А.Н. Нет, это была видеокамера, редкая 8 NTSC, он купил ее позже, тоже на Тишинке, у какого-то алконавта. А на Петровском у нас ничего не было, поэтому, когда мы съезжали с мастерских в 92-м, я позвонил по объявлению "снимаю свадьбы". Представляешь, приезжает чувачок снимать свадьбу – попадает на Петровский, а вместо свадьбы – люди в масках сидят в пространстве, обшитом мехом, и странная музыка играет. Ну, конечно, что-то у него с сознанием происходило. Было понятно по его репликам.

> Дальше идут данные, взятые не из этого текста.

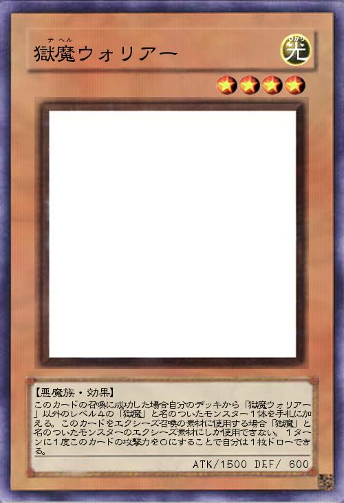 | このカードの召喚に成功した場合自分のデッキから「獄魔ウォリアー」以外のレベル4の「獄魔」と名のついたモンスター1体を手札に加える。このカードをエクシーズ召喚の素材に使用する場合「獄魔」と名のついたモンスターのエクシーズ素材にしか使用できない。1ターンに1度このカードの攻撃力を0にすることで自分は1枚ドローできる。 | |||
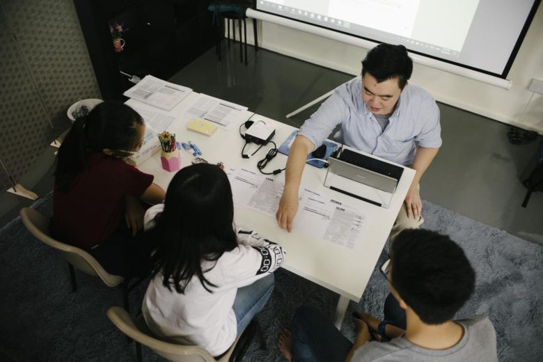 A file photo taken on March 6, 2018, showing a tutor interacting with students. Higher spending on private tuition was a key contributor to an uptick in educational expenses last year.
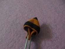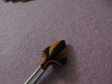 Atskiri juostos fragmentai yra sulankstyti į kilpą su gražiu apvalinimu, o atjungtas dugnas dekoratyviai susiraukšlėja ir pritvirtinamas sulydymo būdu, o visas perteklius sutrumpinamas. Rezultatas yra žvaigždės galiukas - ji nėra plokščia, tačiau „triukas“ yra tiksliai savo tūriu. Gauti penki žiedlapiai yra priklijuojami vienas prie kito, kad būtų žvaigždės formos, centras papuoštas mygtuku - kiek įmanoma oranžinis.
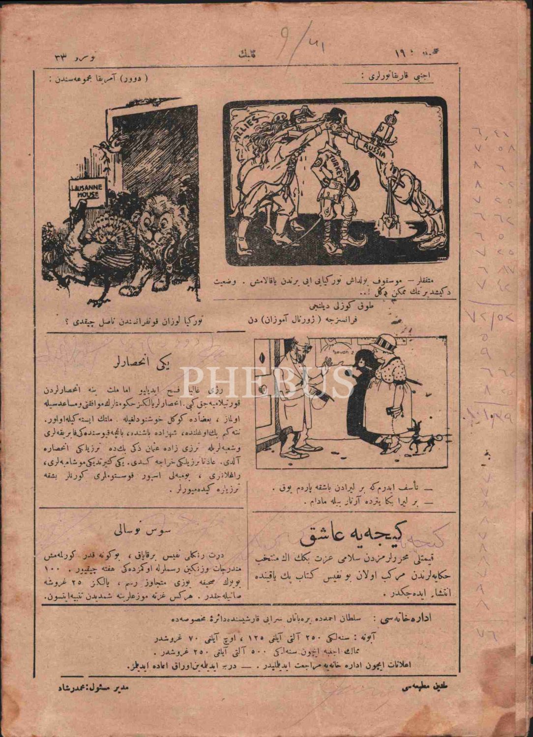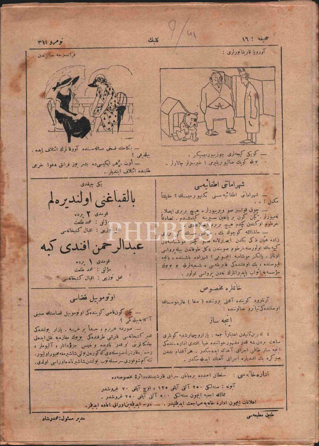 Edebî mizah dergisi KELEBEK´in 1339 tarihli 31-37. sayıları, 21x28 cm

В общем, вся интерьерная обстановка и объекты игорного дома были вывезены и оставлены на одном из живописных холмов Царицыно. Интерьеры были тщательно воспроизведены на зеленой травянистой верхушке. Мы напоминали себе каких-нибудь сумасшедших немецких лэнд-артистов начала семидесятых. Сотни пластмассовых зайчиков, устилавших ранее наш пол в коридоре, были оставлены среди извилин на коре нескольких деревьев вблизи. Чукотский солдат – водитель грузовика, на котором мы транспортировали "искусство" изменил разрез глаз, когда увидел, что же он вез. Удивительно, что через некоторое время, посетив это место, мы не обнаружили там ни крупинки.
М.Б. Он хотя бы вернул материалы?
А.Н. Вернул… Нам нужно было помимо денег еще купить ему на замену видеокассету, но денег не хватало. Тогда я дал ему в залог фотомыльницу. И человек тут же исчез с этим фотоаппаратом… Это был 1992-й год, первая моя видеоработа… https://vimeo.com/user15376553.
К своим работам отношение было легкое. Мы их не рассматривали как товар или какой-то коллективный галерейный продукт, много картинок дарилось, что-то выкидывалось, делалось больше для себя и друзей. Когда я переставал заниматься живописью, я отдавал свои старые холсты кому-то, кто хотел в то время живописать и их записывали сверху…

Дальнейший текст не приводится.